The AAAI Feigenbaum Prize is awarded biennially to recognize and encourage outstanding Artificial Intelligence research advances that are made by using experimental methods of computer science. The “laboratories” for the experimental work are real-world domains, and the power of the research results are demonstrated in those domains. The Feigenbaum Prize may be given for a sustained record of high-impact seminal contributions to experimental AI research; or it may be given to reward singular remarkable innovation and achievement in experimental AI research. The prize is $10,000 and is provided by the Feigenbaum Nii Foundation and administered by AAAI.
Edward Feigenbaum is a Kumagai Professor of Computer Science Emeritus at Stanford University. Feigenbaum earned his Ph.D at Carnegie Mellon University from 1956–1959. In the 1960s and 1970s, he was a pioneer in AI research as experimental computer science, and in the applications of AI research. In 1986, he was elected to the National Academy of Engineering, and in 1995, he received computer science’s highest research honor — The ACM Turing Award. Feigenbaum was the second president of the American Association for Artificial Intelligence, serving from 1980–1981, and was elected to AAAI Fellowship in 1990.
The first Feigenbaum Prize was awarded in 2011 in conjunction with the Twenty-Fifth Annual AAAI Conference on Artificial Intelligence (AAAI-11), held August 7–11, in San Francisco, California. The next Feigenbaum Prize will be awarded at AAAI-25 in Philadelphia, PA.
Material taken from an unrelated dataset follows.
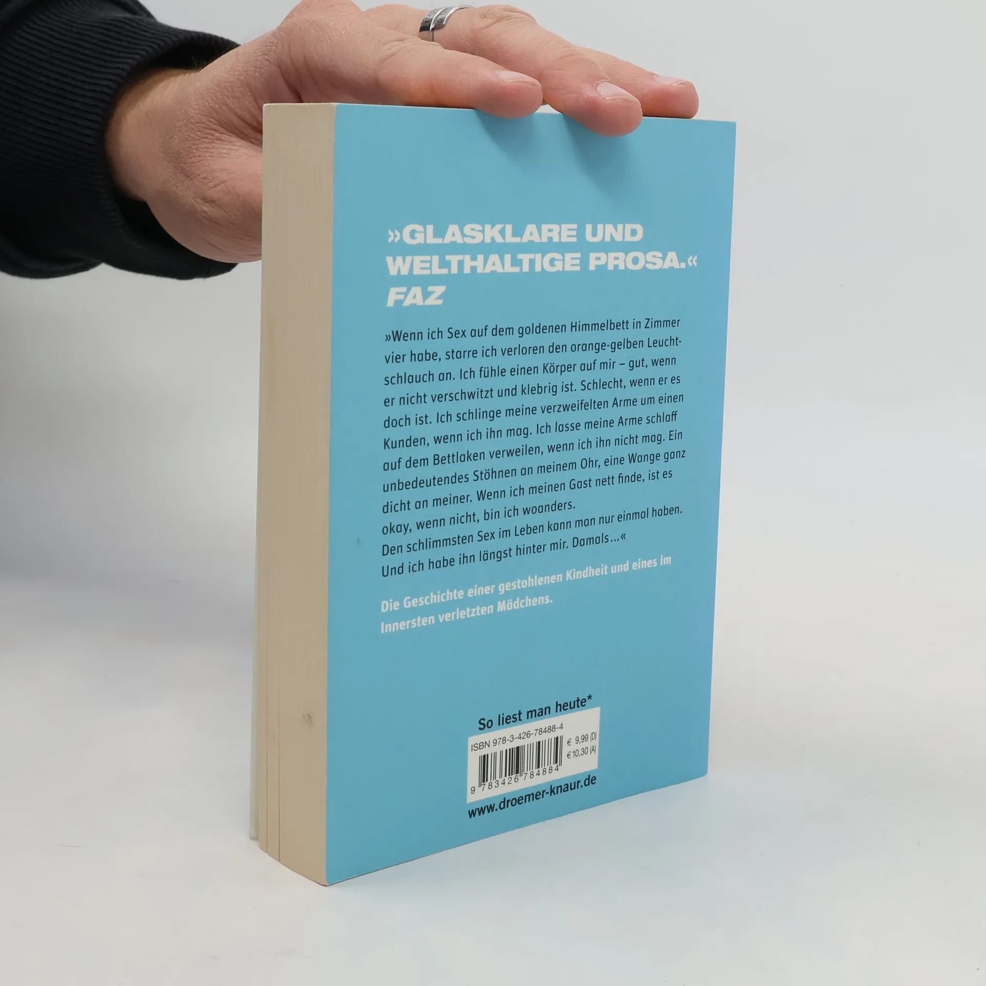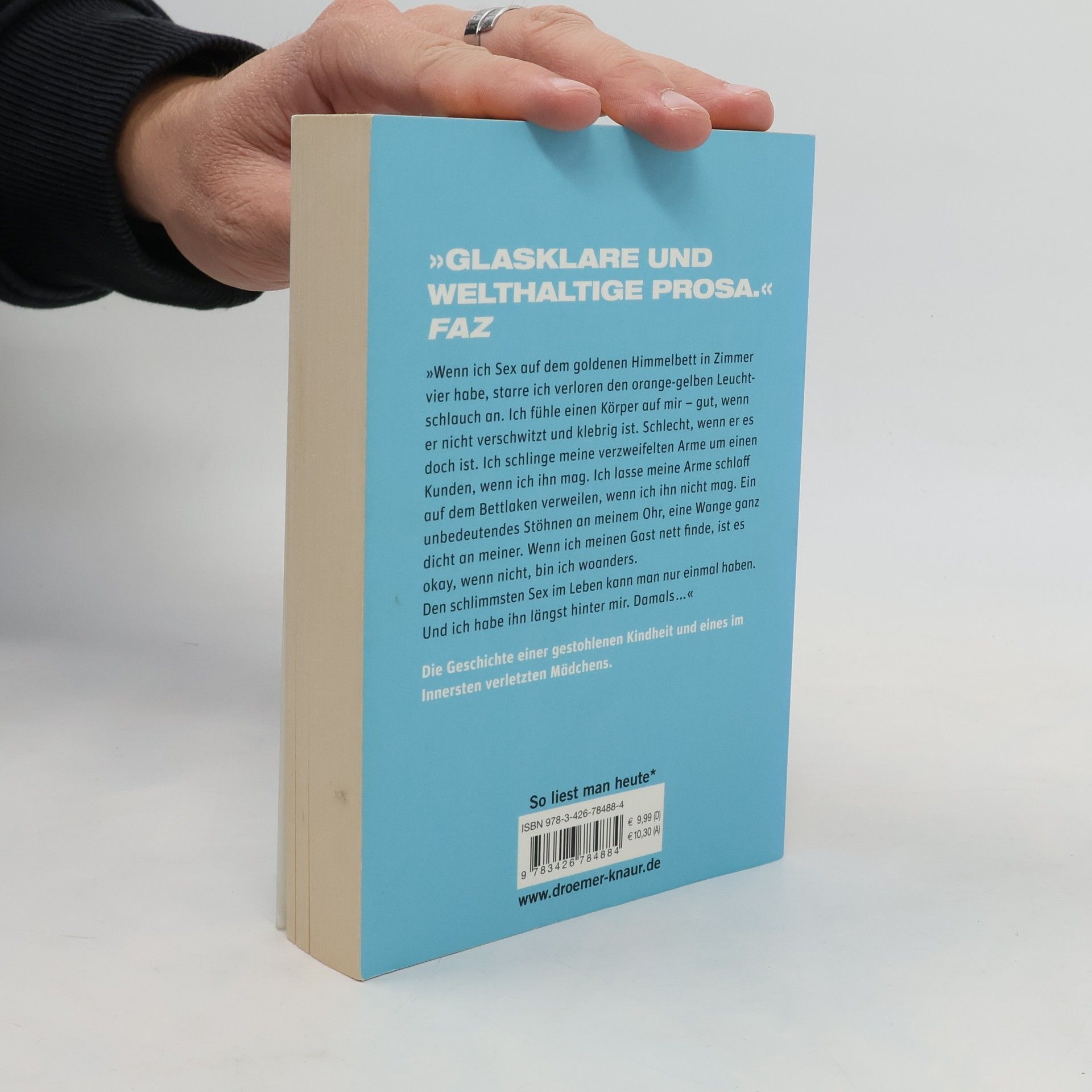 Lilly Lindner ist sechs, als der Nachbar beginnt, sie regelmäßig zu vergewaltigen. Er droht ihr mit dem Schlimmsten, falls sie etwas ihren Eltern erzählen sollte. Und so schweigt das kleine Mädchen. Schließlich zieht der Mann weg – doch Lillys Leben ist längst aus dem Lot. Mit 13 Jahren fängt sie an zu hungern – damit von ihrem geschundenen Körper möglichst wenig übrig bleibt. Doch die Schande macht sie damit nicht ungeschehen. Und so beschließt Lilly als junge Frau, ihren Körper, der ihr schon lange nicht mehr gehört, in einem Edel- Bordell zu verkaufen. Und ausgerechnet hier beginnt sie, ihre ungeheuerliche Geschichte aufzuschreiben – und verfasst ein beeindruckendes, provozierendes Buch von großer Sprachgewalt.

Nominations are due October 4, 2024.
AAAI Feigenbaum Prize Nomination Form
For additional information, please contact awards@aaai.org.
Past Recipients
2023
Milind Tambe Harvard University and Google Research
For high-impact contributions to the field of artificial intelligence through through innovation and achievement in socially beneficial applications of AI in security, healthcare, and conservation.
2021
Carla P. Gomes Cornell University
For high-impact contributions to the field of artificial intelligence through innovations in constraint reasoning, optimization, the integration of reasoning and learning, and through founding the field of Computational Sustainability with impactful AI applications in ecology, species conservation, environmental sustainability, and materials discovery for clean energy.
2019
Stuart Russell University of California, Berkeley
In recognition of his high-impact contributions to the field of artificial intelligence through innovation and achievement in probabilistic knowledge representation, reasoning, and learning, including its application to global seismic monitoring for the Comprehensive Nuclear-Test-Ban Treaty.
2017
Yoav Shoham (Stanford University/Google)
For high-impact basic research in artificial intelligence — including knowledge representation, multiagent systems, and computational game theory — and translating the basic research into impactful and innovative commercial products.
2015
Eric Horvitz (Microsoft Research)
For sustained and high-impact contributions to the field of artificial intelligence through the development of computational models of perception, reflection and action, and their application in time-critical decision making, and intelligent information, traffic and healthcare systems.
2013
IBM Watson Team*
For demonstrating that a synthesis of AI techniques, including symbolic knowledge representation, natural language understanding, and statistical machine learning, can achieve human-level performance in real-time factual question-answering.
*Team Members: Sugato Bagchi Michael Barborak, Branimir Boguraev, Eric Brown, David Carmel, Jennifer Chu-Carroll, Jaroslaw Cwiklik, Edward Epstein, James Fan, David Ferrucci, Tong-Haing Fin, David Gondek, Bhavani Iyer, Aditya Kalyanpur, Hiroshi Kanayama, Adam Lally, Jonathan Lenchner, Anthony Levas, Burn Lewis, Michael McCord, Erik Mueller, J. William Murdock, Yue Pan, Siddharth Patwardhan, John Prager, Marshall Schor, Dafna Sheinwald, David Shepler, Kohichi Takeda, Gerald Tesauro, Chang Wang, Chris Welty, Wlodek Zadrozny, Lei Zhang
2011
Sebastian Thrun (Stanford University) and William A. “Red” Whittaker (Carnegie Mellon University)
For their influential contributions to artificial intelligence via achievements in autonomous vehicle research, including experimental efforts and research leadership of teams addressing challenges with the fielding of robotic systems in the open world.